* Dataset excerpt *
────────────────────────────────────────

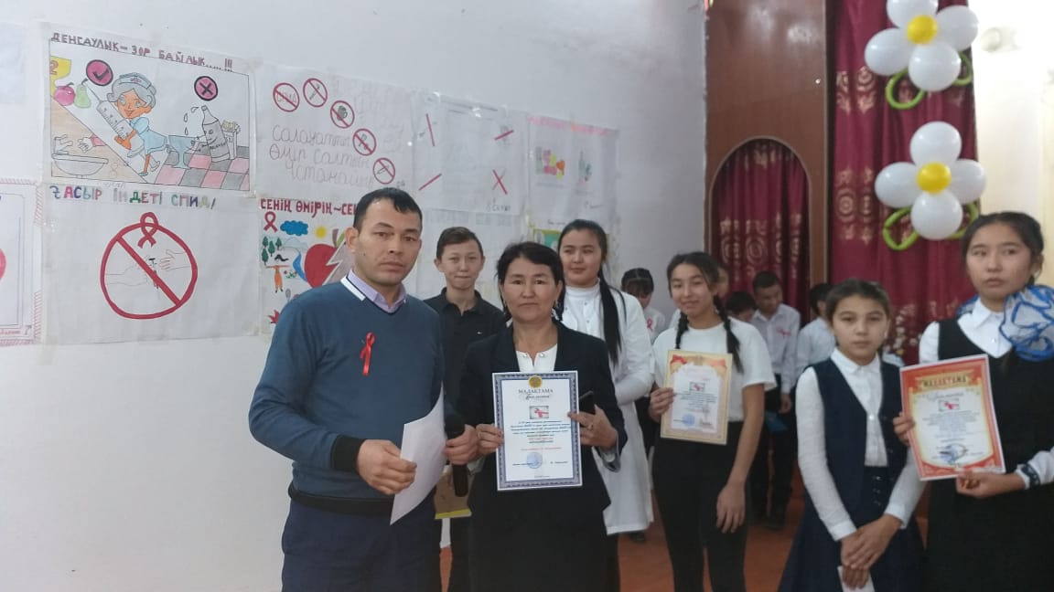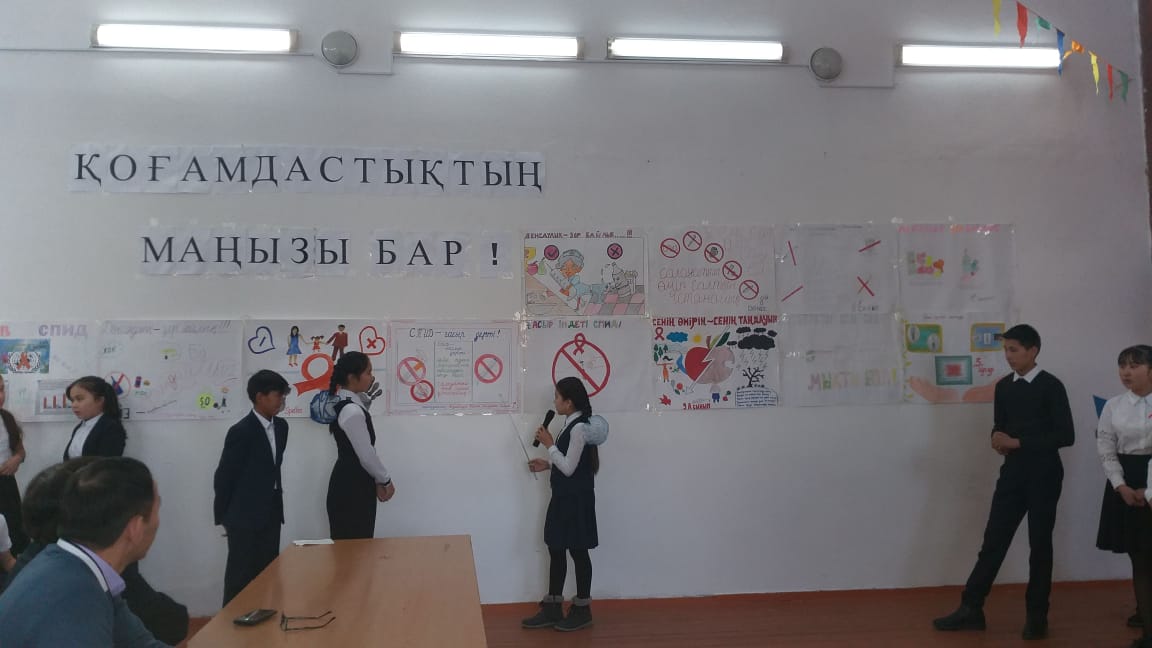 Іс-шараға мектеп директоры Сейдахметов Жандос өз пікірін білдіріп мұғалімдер мен оқушыларды белсенділікке шақырып, сәттілік тіледі. Мектеп аяжаны Әлия Аманбекқызы іс-шараның маңыздылығына тоқталып, білім саласы бойынша АИТВ/ЖИТС барысында атқарылып жатқан жұмыстарды айтып өтті.
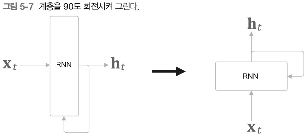 RNN 계층의 순환 구조를 펼침으로써 오른쪽으로 성장하는 긴 신경망으로 변신시킬 수 있다.
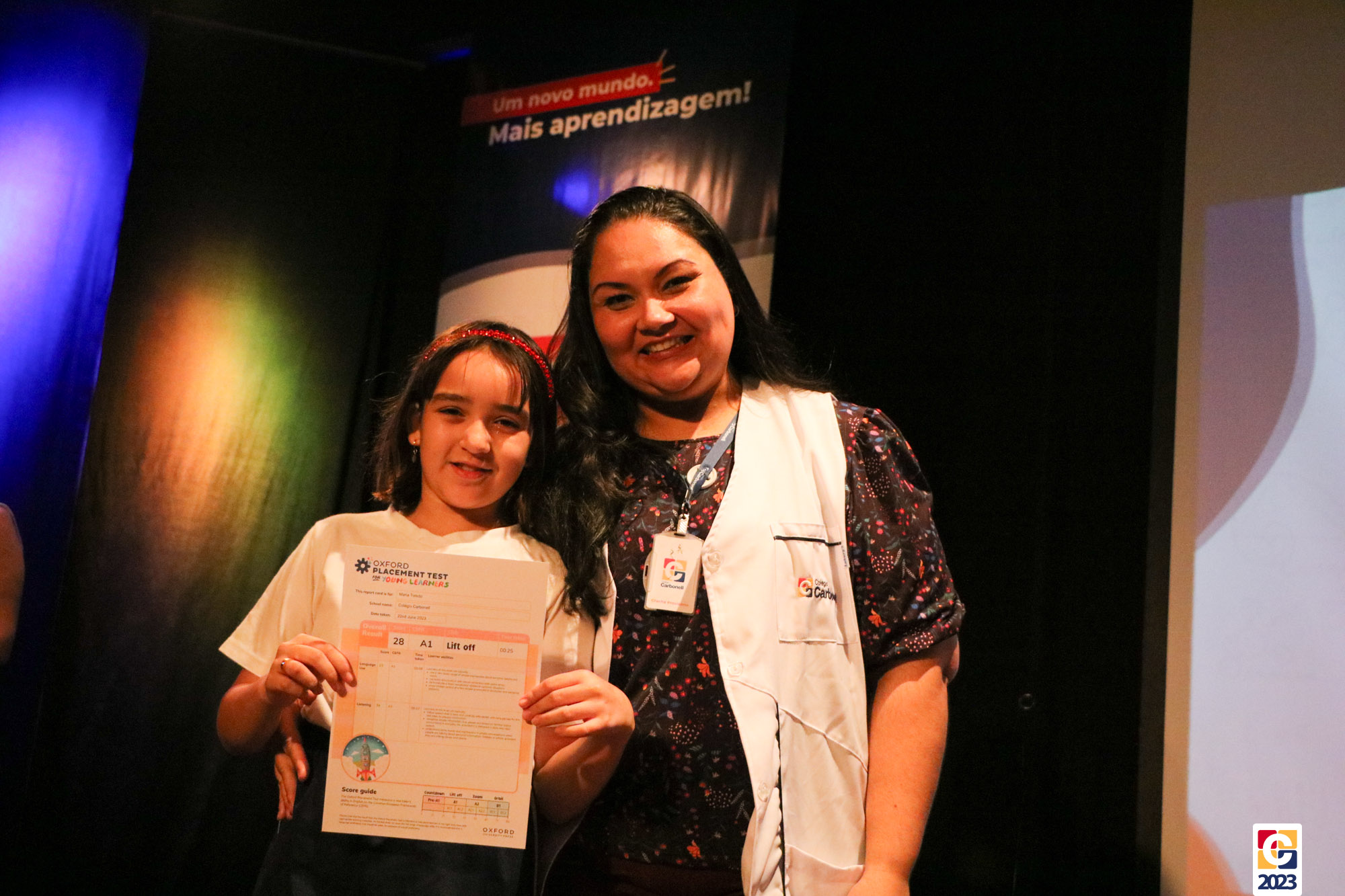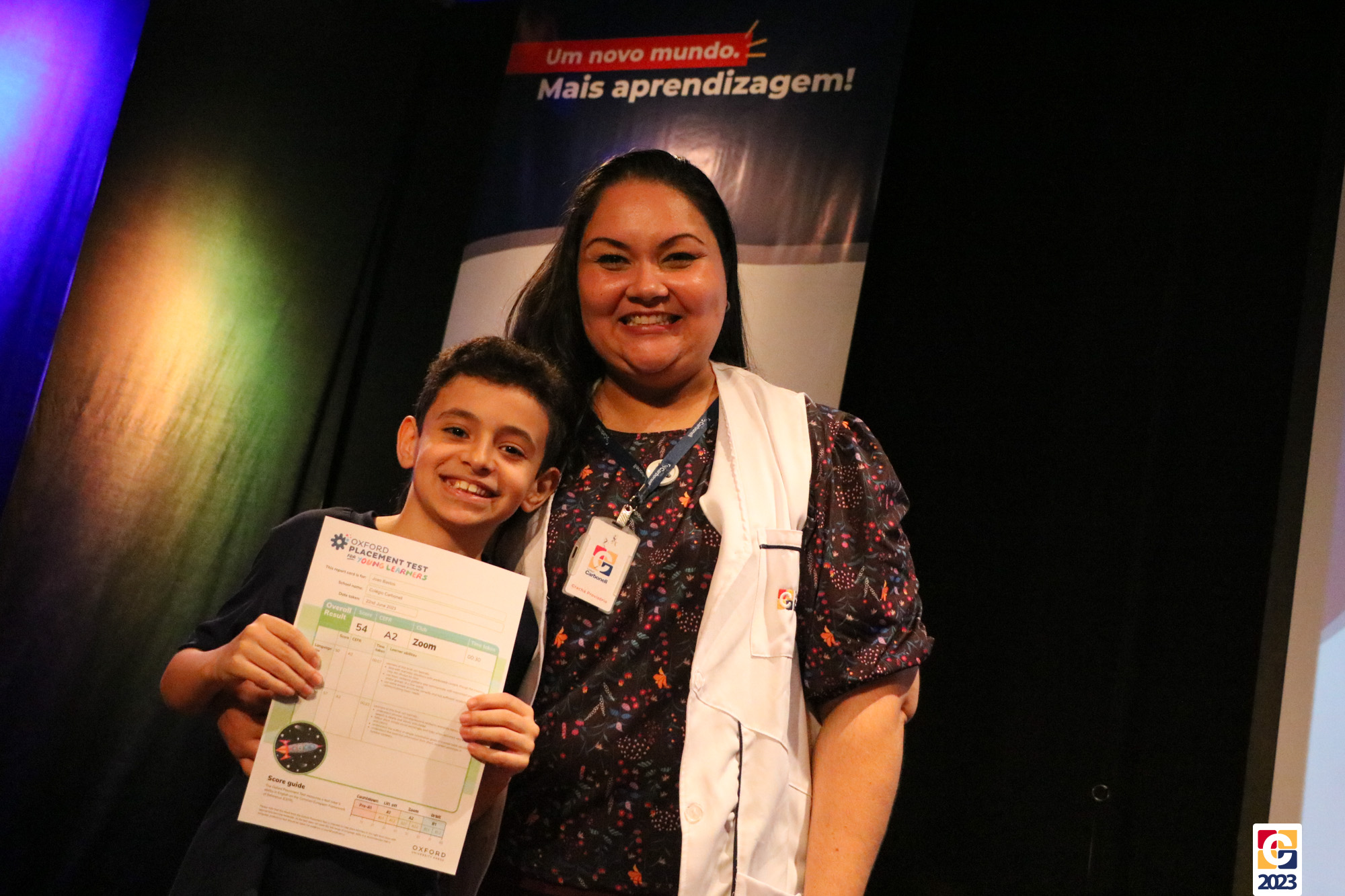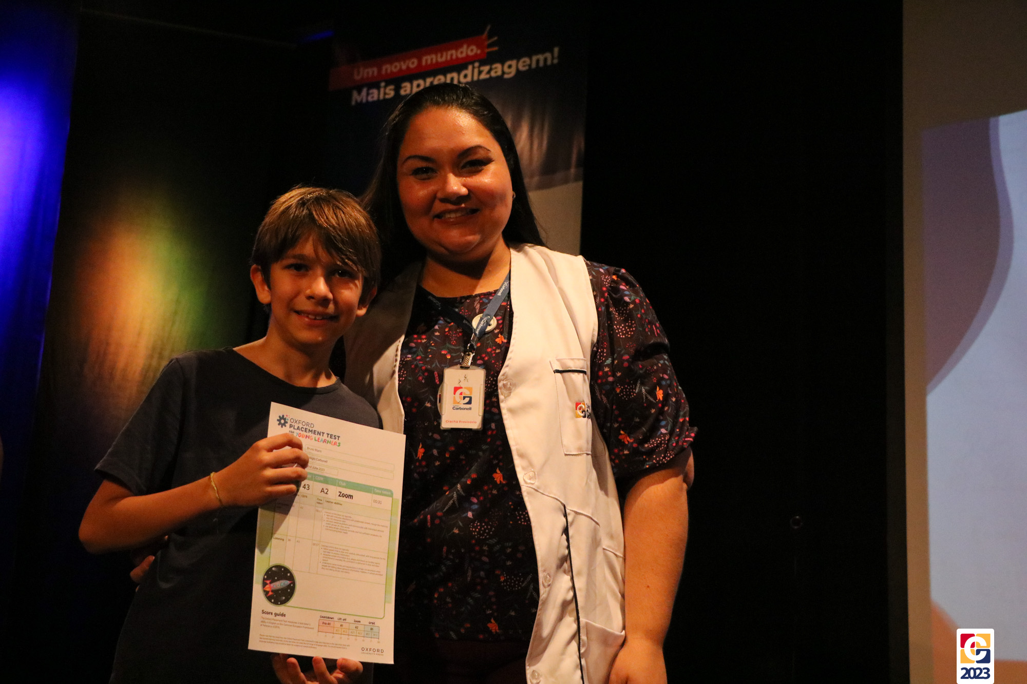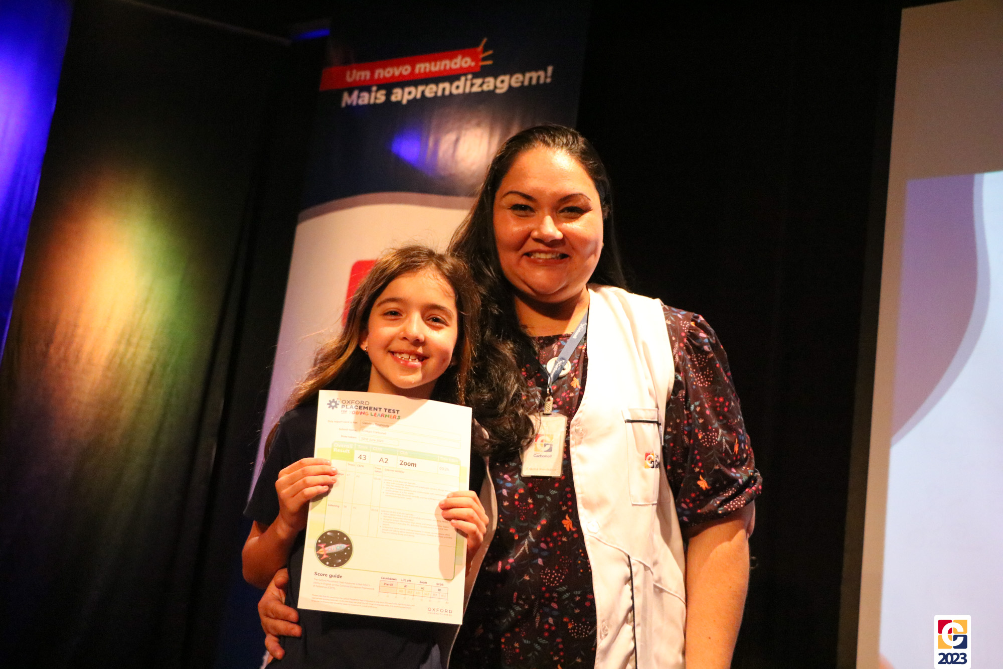 Em setembro, estudantes das turmas dos anos iniciais, de 3º ao 5º anos, receberam os certificados do Oxford Placement Test no palco do Teatro Oswaldo Mazoni. 🎭

────────────────────────────────────────

* Exercise *
The full listing above, duplicated exactly and without its pictures, is the answer.

* Solution for this task *
 Іс-шараға мектеп директоры Сейдахметов Жандос өз пікірін білдіріп мұғалімдер мен оқушыларды белсенділікке шақырып, сәттілік тіледі. Мектеп аяжаны Әлия Аманбекқызы іс-шараның маңыздылығына тоқталып, білім саласы бойынша АИТВ/ЖИТС барысында атқарылып жатқан жұмыстарды айтып өтті.
 RNN 계층의 순환 구조를 펼침으로써 오른쪽으로 성장하는 긴 신경망으로 변신시킬 수 있다.
 Em setembro, estudantes das turmas dos anos iniciais, de 3º ao 5º anos, receberam os certificados do Oxford Placement Test no palco do Teatro Oswaldo Mazoni. 🎭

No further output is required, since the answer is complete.